[Reporter’s Notebook] 'Losses Increase with Sales' Real-Expense Insurance... The Failure of 'Gwanji' Governance View original image


[Asia Economy Reporter Oh Hyung-gil] The 4th generation indemnity health insurance, which offers premium discounts and surcharges, will be introduced next year. Insurance companies selling indemnity insurance, which has been operating at a loss, are generally welcoming this move. However, there are considerable complaints that it is a stopgap measure lacking fundamental solutions to structural problems. This is largely due to the widespread perception that the reason indemnity insurance has deteriorated is the failure of 'gwanchi (government control)'.


In fact, insurance companies have missed several opportunities to raise indemnity insurance premiums over the years due to pressure from financial authorities. The situation is the same this year. Since October, the industry has been requesting an increase in next year's indemnity insurance rates, but the financial authorities have remained silent. Earlier this year, the industry requested about a 20% increase, but due to the authorities' implicit price regulation to keep the increase in single digits, the actual increase was limited to 9.8-9.9%.


The problem lies in the severe loss ratio of indemnity insurance and the uncontrollable scale of deficits. Before the 2009 standardization, the risk loss ratio of indemnity insurance was 143%, and after standardization, it is approaching 130%. Since 2017, the deficit has reached 7 trillion won over four years. The industry argues that to improve the loss ratio, premiums need to be raised by more than 30%.


Especially after the Moon Jae-in administration's policy of 'making non-covered services covered,' the loss ratio has risen more sharply, but from the authorities' perspective, allowing premium increases is not easy.


After much deliberation, the 4th generation indemnity insurance was introduced. The key issue is how many policyholders will switch. The conversion rate to the 3rd generation indemnity insurance was below expectations. Although the new indemnity insurance was launched in 2017, as of the end of the first half of this year, only 18% of contracts have switched. This means 8 out of 10 indemnity insurance subscribers have maintained their existing policies. This is why expectations for the 4th generation indemnity insurance are low.
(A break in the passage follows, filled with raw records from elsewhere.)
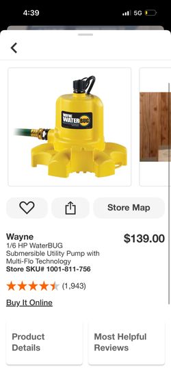 Wayne 1/6 HP WaterBUG Submersible Utility Pump with Multi-Flo Technology$65Phoenix, AZ
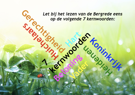 De Bergrede zijn niet zo maar een aantal bij elkaar verzamelde gezegdes en spreuken van Jezus. Er zit een heel duidelijke structuur en opbouw in die de boodschap versterkt en onderbouwt. Hier gaan we komend seizoen ook aandacht aan besteden. Maar voor nu alvast een voorproefje met zeven kernwoorden die belangrijk zijn bij het lezen van de Bergrede. Let bij het lezen van de Bergrede eens extra op deze woorden, waar ze staan en wat ze betekenen.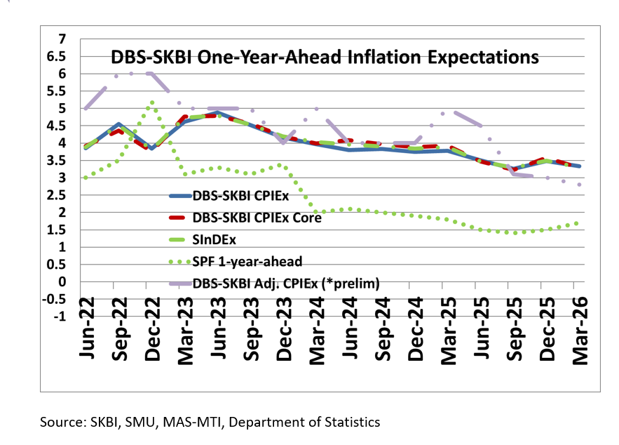 - The One-year-Ahead composite index SInDEx1 that puts less weight on more volatile components like Accommodation, Private Road Transport, Food and Energy-related expenses also dropped to 3.3% in March 2026 compared to 3.5% in December 2025. It is slightly lower than the first quarter’s average of 3.5% since the inception of the survey in September 2011.

If there is no hospital use, a discount is given, but the discount rate (5%) is not high. For a monthly premium of 10,000 won, the discount is only 500 won. It is also difficult to expect excessive medical users, whose premiums are surcharged, to voluntarily switch. Inducing switching through an appropriate level of premium increase is necessary.


The more fundamental problem with indemnity insurance can be found in the failure of health authorities to manage non-covered medical services by the medical community. There are about 19,000 non-covered items that are not designated as health insurance benefits. All of these are outside the authorities' control under the pretext of being new drugs or new technologies.



Since non-covered prices and the number of treatments vary greatly depending on the hospital, there is a high possibility of moral hazard. This is why the insurance industry, financial authorities, and health authorities all need to take action to normalize indemnity insurance, which 35 million people have subscribed to.


This content was produced with the assistance of AI translation services.